[Records supplied — start]

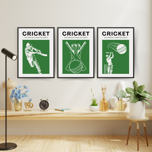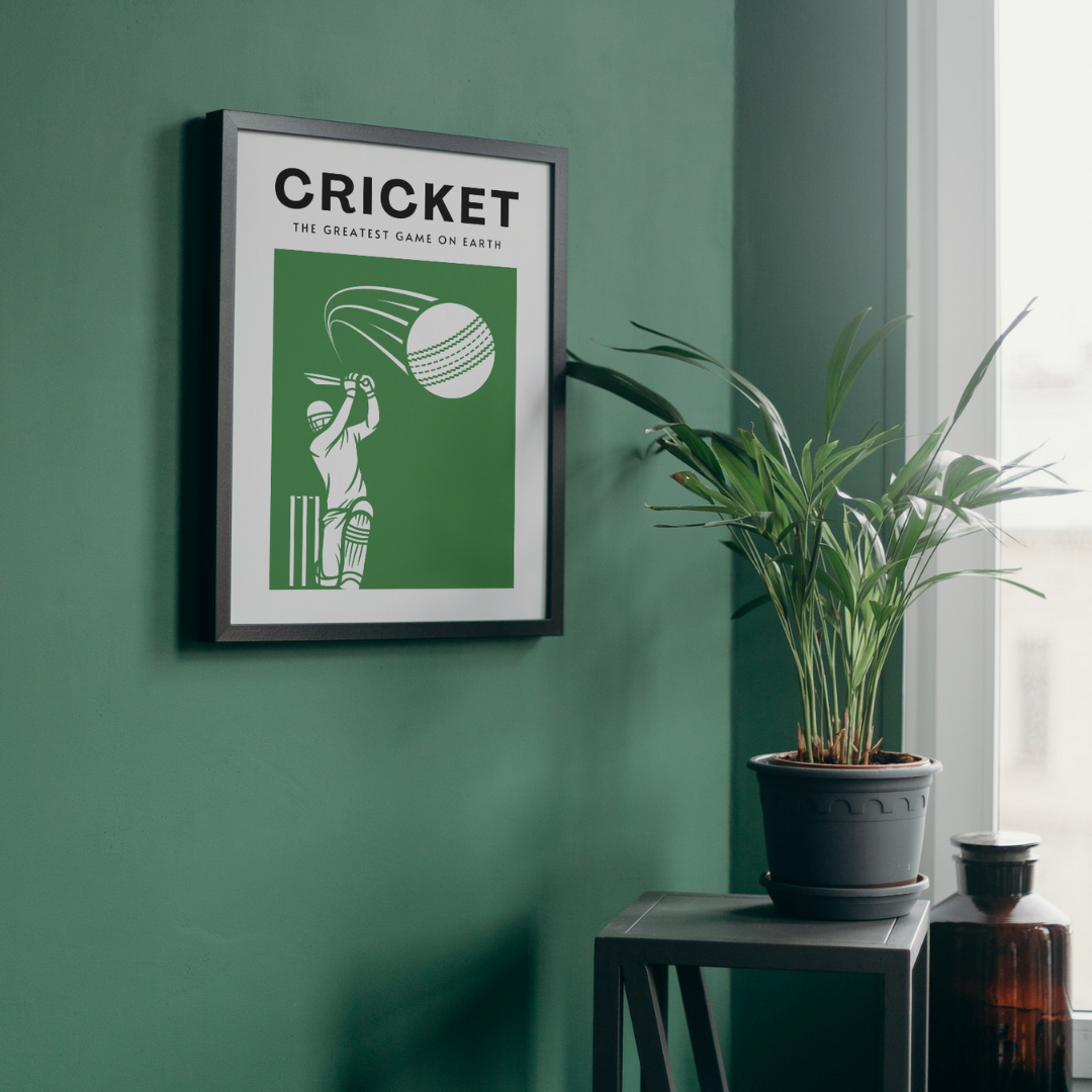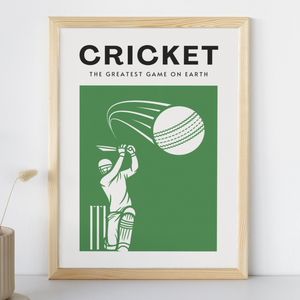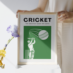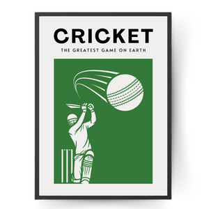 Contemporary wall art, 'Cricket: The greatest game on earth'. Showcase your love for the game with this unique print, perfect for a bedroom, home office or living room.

[Records supplied — finish]
[Records supplied — start]

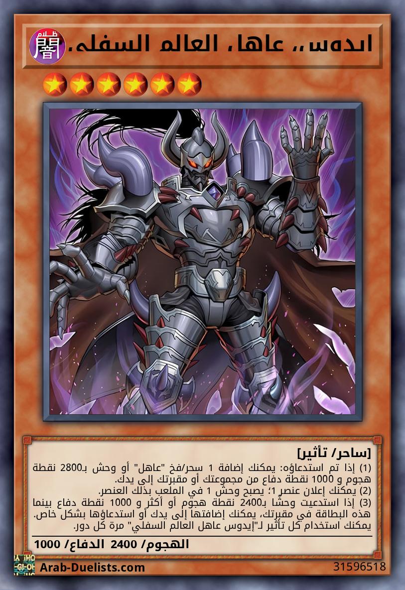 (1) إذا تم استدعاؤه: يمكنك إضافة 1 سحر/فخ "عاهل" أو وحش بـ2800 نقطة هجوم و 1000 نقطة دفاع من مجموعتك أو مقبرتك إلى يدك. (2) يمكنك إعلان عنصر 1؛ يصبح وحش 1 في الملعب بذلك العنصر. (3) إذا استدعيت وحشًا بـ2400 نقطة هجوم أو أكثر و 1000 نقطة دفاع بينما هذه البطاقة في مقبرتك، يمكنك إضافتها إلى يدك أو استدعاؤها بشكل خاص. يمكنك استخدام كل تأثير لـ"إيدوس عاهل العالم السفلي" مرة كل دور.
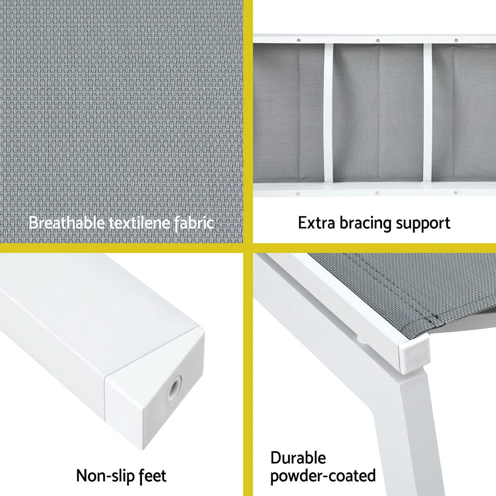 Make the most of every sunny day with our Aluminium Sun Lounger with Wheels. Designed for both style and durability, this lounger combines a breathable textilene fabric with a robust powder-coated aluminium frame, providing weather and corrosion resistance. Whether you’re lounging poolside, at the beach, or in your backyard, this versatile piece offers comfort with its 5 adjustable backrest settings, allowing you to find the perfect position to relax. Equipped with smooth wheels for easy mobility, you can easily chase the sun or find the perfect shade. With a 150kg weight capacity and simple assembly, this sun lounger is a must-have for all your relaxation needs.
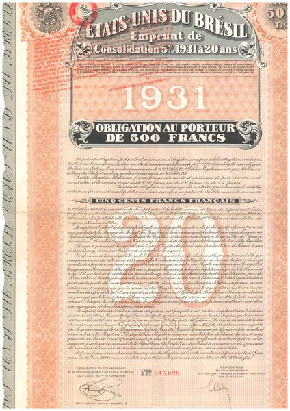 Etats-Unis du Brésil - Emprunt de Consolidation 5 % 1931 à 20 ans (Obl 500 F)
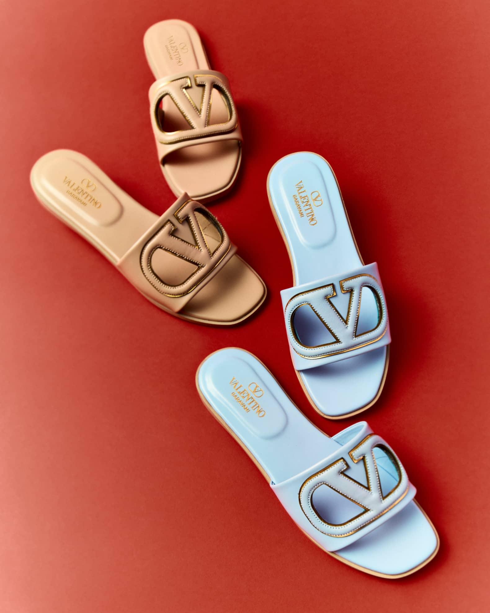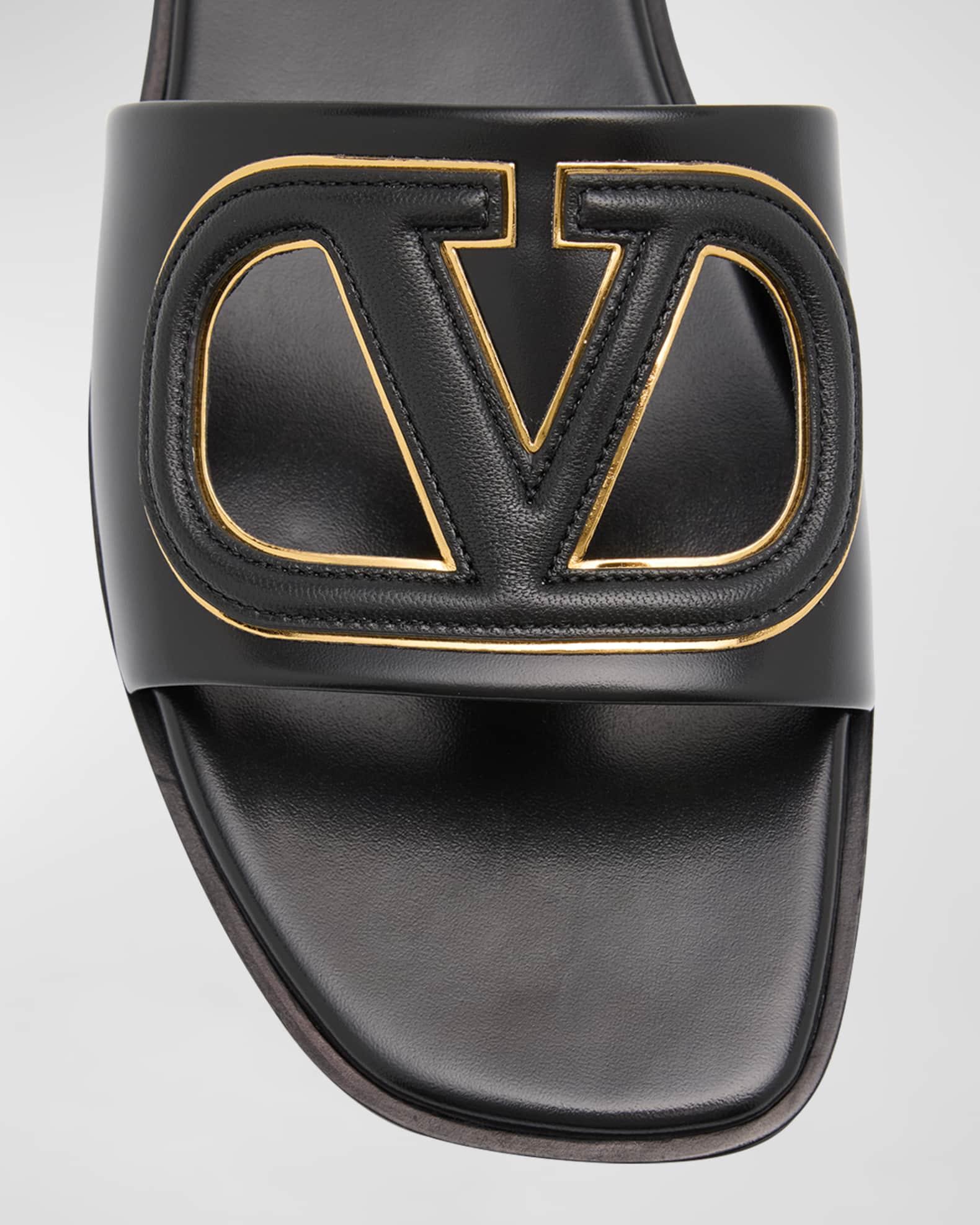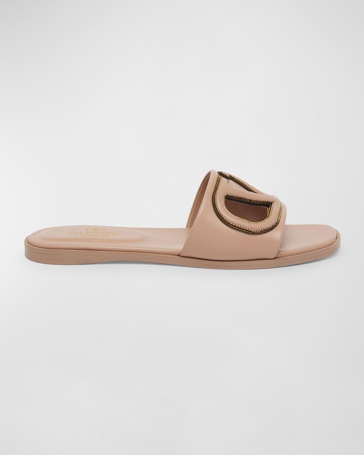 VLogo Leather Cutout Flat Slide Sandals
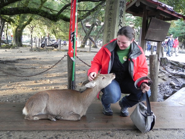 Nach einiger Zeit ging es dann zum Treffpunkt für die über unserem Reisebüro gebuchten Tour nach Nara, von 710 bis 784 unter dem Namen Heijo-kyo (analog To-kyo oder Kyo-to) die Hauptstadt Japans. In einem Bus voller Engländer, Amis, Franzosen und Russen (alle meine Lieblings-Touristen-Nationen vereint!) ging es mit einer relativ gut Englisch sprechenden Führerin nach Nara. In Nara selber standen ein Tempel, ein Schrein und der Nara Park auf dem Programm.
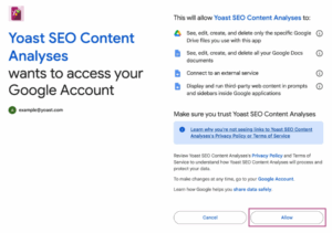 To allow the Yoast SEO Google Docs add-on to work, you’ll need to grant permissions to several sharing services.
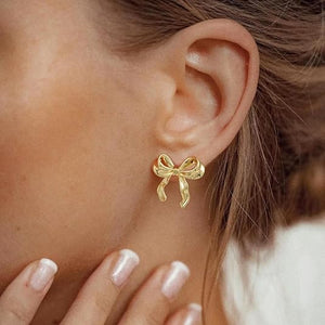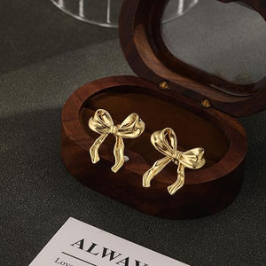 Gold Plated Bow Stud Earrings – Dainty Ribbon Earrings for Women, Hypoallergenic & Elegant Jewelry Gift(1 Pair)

[Records supplied — finish]
[Records supplied — start]

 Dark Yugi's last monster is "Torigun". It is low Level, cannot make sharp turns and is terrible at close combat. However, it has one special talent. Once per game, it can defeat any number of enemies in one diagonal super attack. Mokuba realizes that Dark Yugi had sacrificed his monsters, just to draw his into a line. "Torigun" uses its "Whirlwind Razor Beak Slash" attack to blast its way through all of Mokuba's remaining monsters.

[Records supplied — finish]

▶ [Task objective]:
Print the line above containing "To allow the", the line containing "Gold Plated Bow", and everything between them, exactly as written. Pictures stay out.

▶ [Result below]:
 To allow the Yoast SEO Google Docs add-on to work, you’ll need to grant permissions to several sharing services.
 Gold Plated Bow Stud Earrings – Dainty Ribbon Earrings for Women, Hypoallergenic & Elegant Jewelry Gift(1 Pair)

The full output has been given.